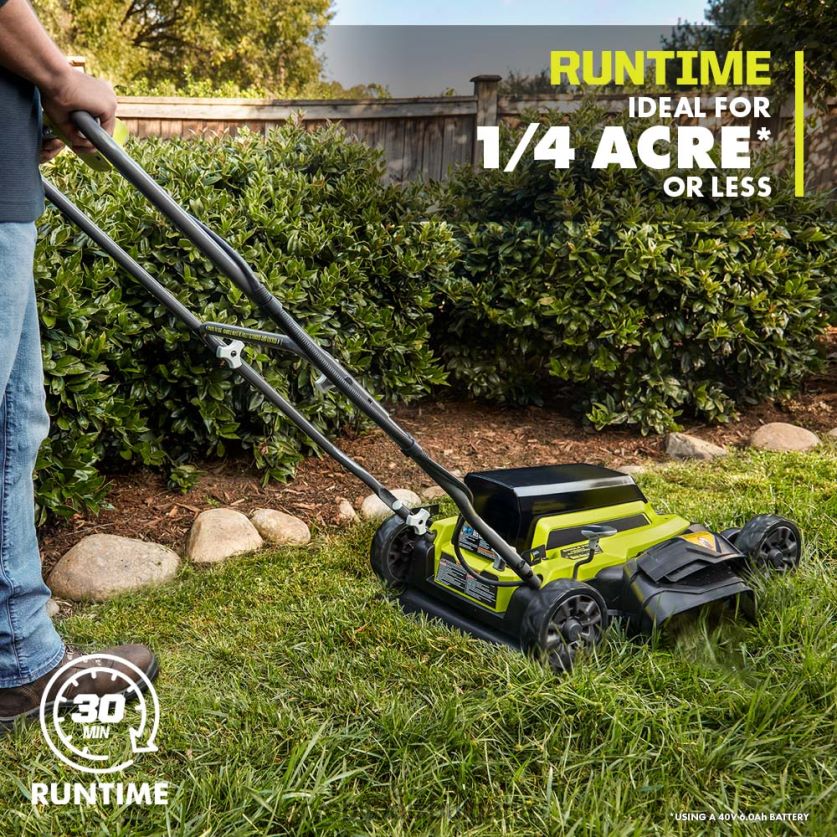 влезте в системата 40v с косачката ryobi 40v. тази компактна и лека косачка осигурява до 30 минути работа с включената 40v 6ah батерия, която ви дава производителност на газ с натискането на един бутон без караница или поддръжка. със седем различни позиции на височина, вариращи от 1,5 до 4 инча, можете бързо да изберете идеалната височина за вашата морава с едноточково регулиране на височината. освен това системата ryobi 40v ви позволява да използвате всяка 40v батерия с всеки 40v продукт, което улеснява превключването между инструментите. осигурете спокойствие с 5-годишна гаранция за инструменти от производителя и 3-годишна гаранция за батерията от производителя и вземете всичко необходимо с включената косачка за трева ry401010 40v 18″, литиева батерия op40605 40v 6ah, зарядно op404 40v, ключ за стартиране, странаизпускателен улей и ръководства за оператора.
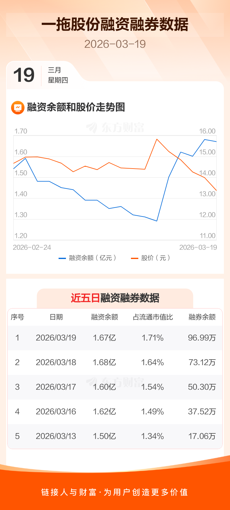 交易所最新数据显示,一拖股份于2026年3月19日获融资买入1701.55万元,融资偿还1760.27万元,当日融资净偿还58.72万元。目前,该股融资余额1.67亿,占流通市值比例为1.71%。
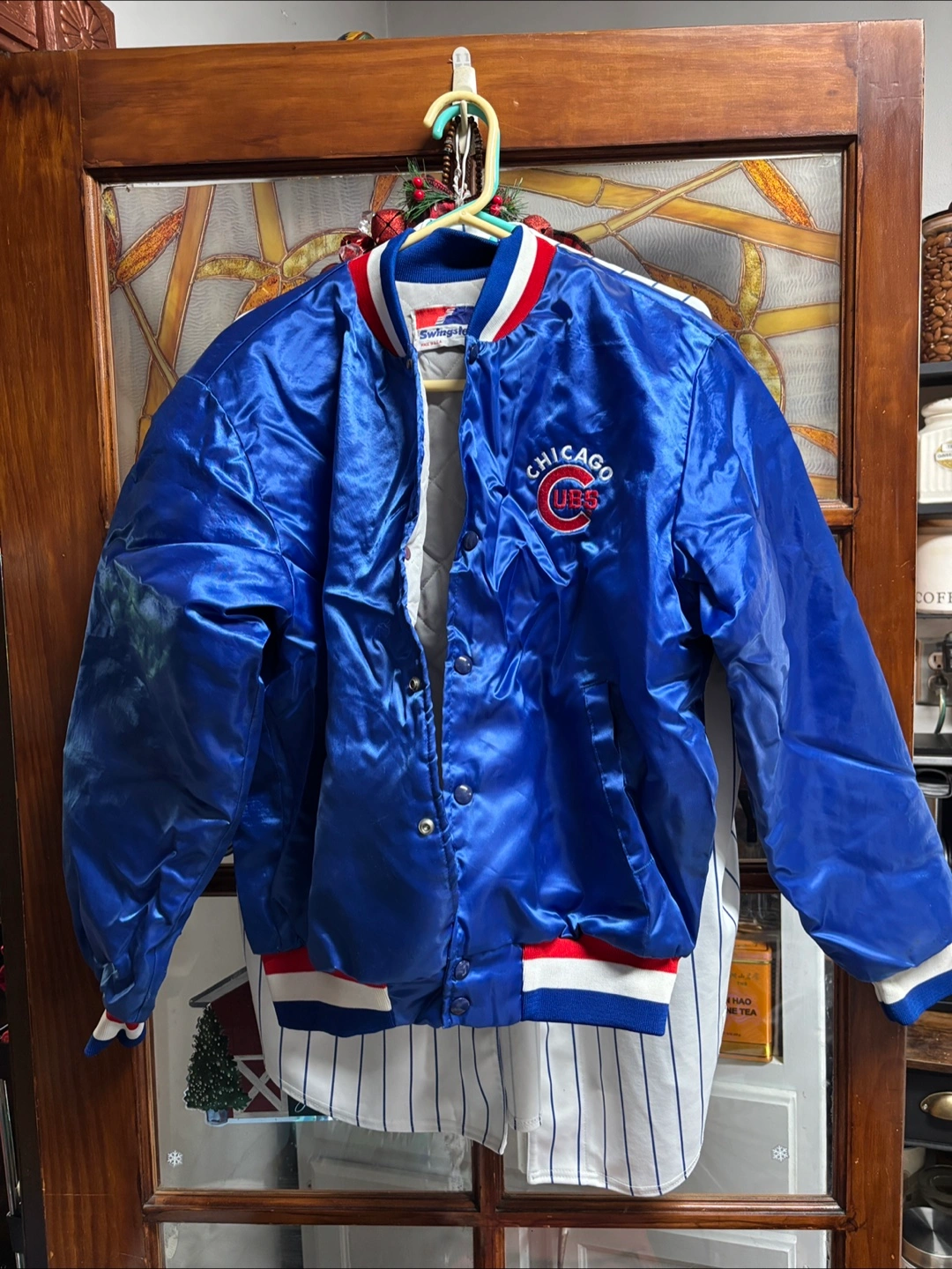 39Selling a vintage Swingster Chicago Cubs bomber jacket in size medium! It’s a vibrant blue with red and white accents. Perfect for any Cubs fan!

----

__Exercise__
Copy the line showing "交易所最新数据显示,一拖股份" exactly, along with each line after it through the end of the material above. Pictures stay out.

__Written answer__
 交易所最新数据显示,一拖股份于2026年3月19日获融资买入1701.55万元,融资偿还1760.27万元,当日融资净偿还58.72万元。目前,该股融资余额1.67亿,占流通市值比例为1.71%。
 39Selling a vintage Swingster Chicago Cubs bomber jacket in size medium! It’s a vibrant blue with red and white accents. Perfect for any Cubs fan!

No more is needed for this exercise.